What freaks me out the most is the decline in verbal. As a non native speaker, I have faced difficulties, overall, with SC. In all my exams I got wrong more or less 10 questions in verbal, and between 80 and 90% of them were SC. I realized I had always been focusing on understanding English, and SC is a total different thing. And that is why I studied SC
MGMAT (went through it two times, took notes first time and improved them the second time, and did all the exercises). I frankly believe it helped improve, I had more fundamentals to use to discard choices, but when it come down to two options without [obvious] grammatical errors, I was unable to identify most of the "wordiness" or "awkwardness".
What do you guys think I could do to improve my verbal? I have been reading for an hour every day of my preparation (1 month and a half) and read every day one or two articles in the economist. Maybe try some other guide, like Aristotle? I am having a break now and will retake in some months, with another month or so for preparation.
I would also like to add some things I have learnt while preparing for the gmat that I hope someone had told me when I first started. I hope it can help someone:
- Preparation is about improving. If you do not know your weaknesses the return of your time will be much lower than if you know them. Spend the first days trying to assess that.
- Once you know which are you weaknesses, work on them. Some people say that it is better to focus on your strengths but, in general I disagree because of the GMAT algorithm - if you are very good at PS, but terrible at DS, you can be able to do the most difficult probability problems, but they will never appear in you exam, since DS errors will make the algorithm give you easier questions. In my case, my quant score improved only when I realized I always failed in the exams the probability problems. As soon as I focused on that and mastered probability in two or three days, my quant score went up to 50
- Do not prepare as your friend did.

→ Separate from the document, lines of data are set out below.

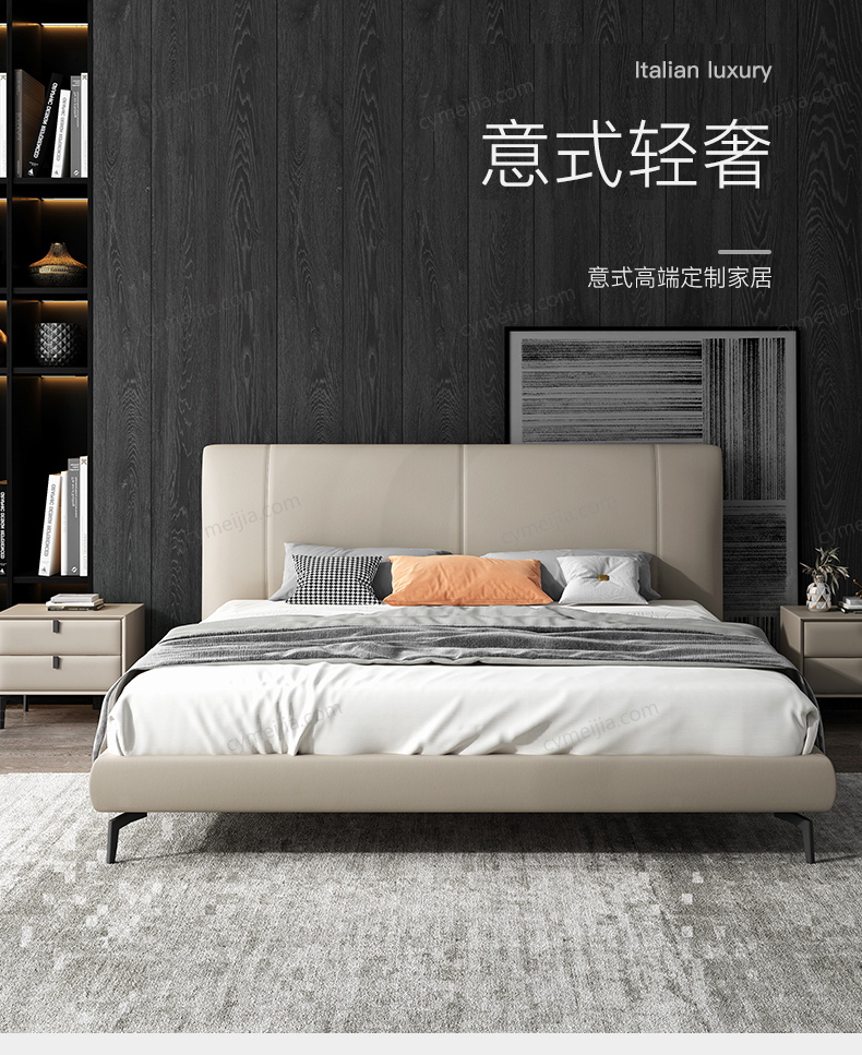 | 产品材质 : | 仿真皮+高密度海棉+俄罗斯落叶松实木框架+碳素钢脚+10公分松木排骨架 |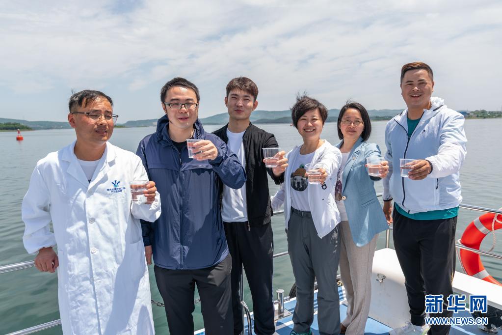 On May 20th, in the monitoring section in front of Danjiangkou Reservoir in danjiangkou city, Hubei Province, the water quality monitoring personnel and media reporters in the reservoir area of the Middle Route of South-to-North Water Transfer Project showed the collected water samples. Xinhua News Agency reporter Cai Yang photo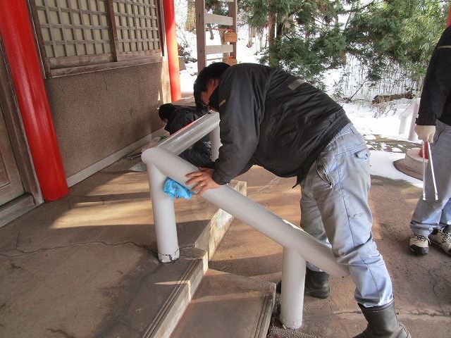 境内の照明器具の点検清掃と窓拭き、賽銭箱・手すり等の清掃作業及び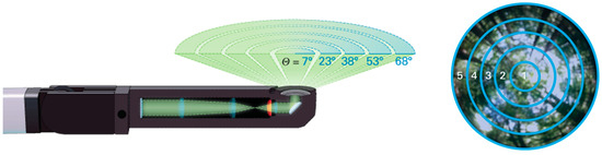 The plant canopy analyzer is an instrument utilized to investigate plant canopy structure and growth (Table 2). It serves as an effective tool to acquire information regarding the location, size, density, and distribution of gaps within the plant canopy [56]. Equipped with a fisheye lens and an optical system comprising five concentric ring detectors (Figure 14), its latest enhanced model, “LAI-2200C”, enables precise measurements under diverse sky conditions without necessitating specific sun angles or cloud cover conditions [57]. Although similar to hemispherical photography obtained through a fisheye lens, the plant canopy analyzer surpasses it in terms of automated data processing capabilities while minimizing errors associated with camera positioning, exposure, and skylight uniformity; however, this comprehensive system also entails higher costs.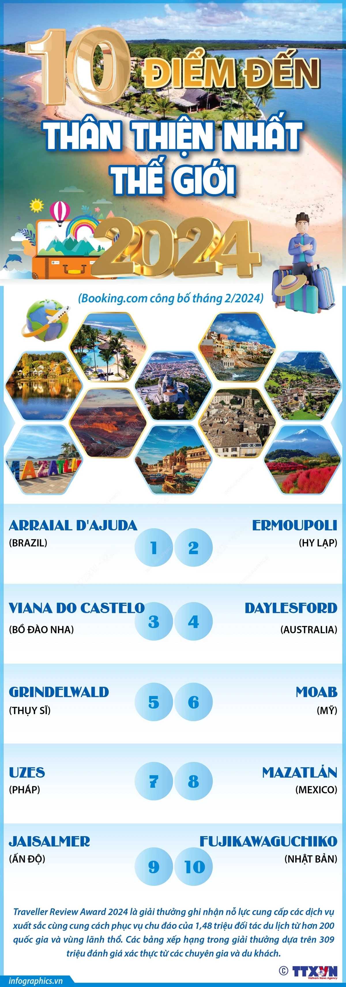 Booking.com vừa công bố bảng xếp hạng 10 điểm đến thân thiện nhất thế giới thuộc khuôn khổ giải thưởng Traveller Review Awards 2024.

Or maybe do so, but because you are convinced that that way you will earn the best return on your time. Not even if s/he has scored 750. Everyone has its own weaknesses and you must be able to assess them to pick the best resources to achieve your score. Maybe your friend was crap at CR and needed Pwerscore CR Bible, but for you it would be better to invest that time in learning more about number theory.
- Have in mind a target score that is reasonable for the preparation time you have and you objectives. Although I believe everyone can score above 700, some people may take it two weeks and some others will need 2 years. But try that your objective is realistic so that your mock score do not bring you down
- Do a test early in your preparation. Again, for getting somewhere, you first need to know where you are.